WORK TASK: Only the lines that hold "even" should be in the answer, each copied from the data below.

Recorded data
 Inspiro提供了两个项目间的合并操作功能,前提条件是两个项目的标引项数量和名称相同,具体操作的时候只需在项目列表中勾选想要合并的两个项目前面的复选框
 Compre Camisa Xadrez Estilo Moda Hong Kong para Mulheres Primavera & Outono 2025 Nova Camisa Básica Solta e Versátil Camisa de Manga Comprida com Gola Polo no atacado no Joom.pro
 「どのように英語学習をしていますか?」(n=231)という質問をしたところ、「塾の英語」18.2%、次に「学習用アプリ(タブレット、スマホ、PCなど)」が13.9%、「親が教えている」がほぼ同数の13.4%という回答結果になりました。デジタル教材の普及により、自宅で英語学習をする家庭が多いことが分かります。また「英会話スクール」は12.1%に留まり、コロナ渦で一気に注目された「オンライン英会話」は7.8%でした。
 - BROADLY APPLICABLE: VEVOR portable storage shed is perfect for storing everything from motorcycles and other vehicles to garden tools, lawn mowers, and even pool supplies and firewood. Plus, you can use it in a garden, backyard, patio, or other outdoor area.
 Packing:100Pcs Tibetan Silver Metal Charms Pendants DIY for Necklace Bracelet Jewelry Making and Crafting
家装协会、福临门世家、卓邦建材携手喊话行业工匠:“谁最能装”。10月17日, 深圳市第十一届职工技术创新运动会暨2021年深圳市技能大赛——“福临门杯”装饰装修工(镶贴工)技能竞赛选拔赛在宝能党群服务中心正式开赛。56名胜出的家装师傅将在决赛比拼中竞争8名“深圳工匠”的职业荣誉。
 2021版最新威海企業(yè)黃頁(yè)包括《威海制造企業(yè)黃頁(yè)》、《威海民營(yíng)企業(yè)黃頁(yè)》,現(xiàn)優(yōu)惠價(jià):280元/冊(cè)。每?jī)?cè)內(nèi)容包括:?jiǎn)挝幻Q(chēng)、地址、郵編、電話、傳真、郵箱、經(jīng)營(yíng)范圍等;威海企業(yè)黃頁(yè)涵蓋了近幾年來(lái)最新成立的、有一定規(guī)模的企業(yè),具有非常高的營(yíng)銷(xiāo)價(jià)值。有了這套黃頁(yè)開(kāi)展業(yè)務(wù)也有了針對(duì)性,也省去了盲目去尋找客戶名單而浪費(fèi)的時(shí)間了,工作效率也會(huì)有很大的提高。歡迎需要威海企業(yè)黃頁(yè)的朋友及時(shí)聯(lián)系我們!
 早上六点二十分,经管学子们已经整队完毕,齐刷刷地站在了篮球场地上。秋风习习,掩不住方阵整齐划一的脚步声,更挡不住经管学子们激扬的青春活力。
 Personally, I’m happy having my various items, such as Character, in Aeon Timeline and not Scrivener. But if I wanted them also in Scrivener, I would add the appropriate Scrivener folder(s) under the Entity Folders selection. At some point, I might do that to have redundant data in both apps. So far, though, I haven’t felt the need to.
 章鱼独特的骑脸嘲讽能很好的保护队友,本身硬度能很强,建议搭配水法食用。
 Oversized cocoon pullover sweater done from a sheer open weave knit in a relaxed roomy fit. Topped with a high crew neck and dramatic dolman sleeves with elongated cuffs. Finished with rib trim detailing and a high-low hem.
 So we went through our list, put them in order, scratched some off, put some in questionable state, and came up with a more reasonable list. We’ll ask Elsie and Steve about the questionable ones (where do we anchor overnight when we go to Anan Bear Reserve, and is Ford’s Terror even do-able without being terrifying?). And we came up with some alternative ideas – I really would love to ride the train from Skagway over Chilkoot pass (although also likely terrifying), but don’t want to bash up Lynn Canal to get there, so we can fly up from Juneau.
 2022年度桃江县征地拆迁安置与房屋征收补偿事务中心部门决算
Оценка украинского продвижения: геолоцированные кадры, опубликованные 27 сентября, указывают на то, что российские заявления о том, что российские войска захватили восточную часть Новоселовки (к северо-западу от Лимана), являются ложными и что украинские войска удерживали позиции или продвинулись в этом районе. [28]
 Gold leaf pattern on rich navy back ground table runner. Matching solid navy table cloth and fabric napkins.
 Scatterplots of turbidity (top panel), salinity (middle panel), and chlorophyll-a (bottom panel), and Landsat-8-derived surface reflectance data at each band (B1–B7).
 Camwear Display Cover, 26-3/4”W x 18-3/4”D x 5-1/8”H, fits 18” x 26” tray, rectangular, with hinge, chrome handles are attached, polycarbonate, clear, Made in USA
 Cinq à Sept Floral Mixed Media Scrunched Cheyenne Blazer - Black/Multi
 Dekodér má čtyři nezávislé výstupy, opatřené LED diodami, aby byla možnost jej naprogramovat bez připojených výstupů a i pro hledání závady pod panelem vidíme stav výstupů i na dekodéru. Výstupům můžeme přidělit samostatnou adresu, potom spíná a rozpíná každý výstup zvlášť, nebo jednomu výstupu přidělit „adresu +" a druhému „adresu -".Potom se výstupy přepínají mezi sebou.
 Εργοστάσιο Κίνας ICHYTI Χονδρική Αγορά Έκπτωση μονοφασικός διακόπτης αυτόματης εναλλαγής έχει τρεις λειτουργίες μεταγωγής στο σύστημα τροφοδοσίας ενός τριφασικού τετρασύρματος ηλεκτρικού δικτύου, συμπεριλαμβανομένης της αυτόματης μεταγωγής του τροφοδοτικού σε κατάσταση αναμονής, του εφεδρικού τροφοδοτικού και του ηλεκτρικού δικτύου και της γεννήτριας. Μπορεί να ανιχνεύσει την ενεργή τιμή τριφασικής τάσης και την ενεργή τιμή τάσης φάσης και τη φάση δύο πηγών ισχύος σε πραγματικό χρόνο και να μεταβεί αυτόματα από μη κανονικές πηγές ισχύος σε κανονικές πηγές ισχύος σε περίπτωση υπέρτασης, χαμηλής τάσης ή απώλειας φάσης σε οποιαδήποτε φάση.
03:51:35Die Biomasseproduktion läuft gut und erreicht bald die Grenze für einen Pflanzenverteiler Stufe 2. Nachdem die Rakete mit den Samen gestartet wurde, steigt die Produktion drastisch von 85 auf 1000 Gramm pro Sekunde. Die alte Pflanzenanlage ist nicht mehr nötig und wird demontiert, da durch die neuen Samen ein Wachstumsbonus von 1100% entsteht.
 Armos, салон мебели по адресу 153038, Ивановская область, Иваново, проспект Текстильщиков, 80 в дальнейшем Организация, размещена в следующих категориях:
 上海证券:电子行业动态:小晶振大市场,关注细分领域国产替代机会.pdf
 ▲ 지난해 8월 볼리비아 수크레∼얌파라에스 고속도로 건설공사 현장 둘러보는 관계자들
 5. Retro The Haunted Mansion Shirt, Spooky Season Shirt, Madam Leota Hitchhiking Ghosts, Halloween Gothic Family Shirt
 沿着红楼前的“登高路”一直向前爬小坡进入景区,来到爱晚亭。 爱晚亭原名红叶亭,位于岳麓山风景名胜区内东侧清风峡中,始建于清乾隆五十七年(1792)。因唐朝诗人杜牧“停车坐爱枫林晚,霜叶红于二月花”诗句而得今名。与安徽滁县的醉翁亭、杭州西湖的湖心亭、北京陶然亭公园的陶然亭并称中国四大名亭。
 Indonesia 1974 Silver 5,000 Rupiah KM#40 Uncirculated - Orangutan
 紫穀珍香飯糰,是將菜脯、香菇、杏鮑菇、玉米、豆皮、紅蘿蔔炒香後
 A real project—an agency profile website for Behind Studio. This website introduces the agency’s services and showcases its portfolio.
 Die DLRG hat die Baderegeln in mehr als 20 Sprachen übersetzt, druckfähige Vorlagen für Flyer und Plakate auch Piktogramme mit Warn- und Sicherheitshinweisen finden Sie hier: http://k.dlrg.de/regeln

ANSWER FOR THIS EXERCISE:
 - BROADLY APPLICABLE: VEVOR portable storage shed is perfect for storing everything from motorcycles and other vehicles to garden tools, lawn mowers, and even pool supplies and firewood. Plus, you can use it in a garden, backyard, patio, or other outdoor area.
 So we went through our list, put them in order, scratched some off, put some in questionable state, and came up with a more reasonable list. We’ll ask Elsie and Steve about the questionable ones (where do we anchor overnight when we go to Anan Bear Reserve, and is Ford’s Terror even do-able without being terrifying?). And we came up with some alternative ideas – I really would love to ride the train from Skagway over Chilkoot pass (although also likely terrifying), but don’t want to bash up Lynn Canal to get there, so we can fly up from Juneau.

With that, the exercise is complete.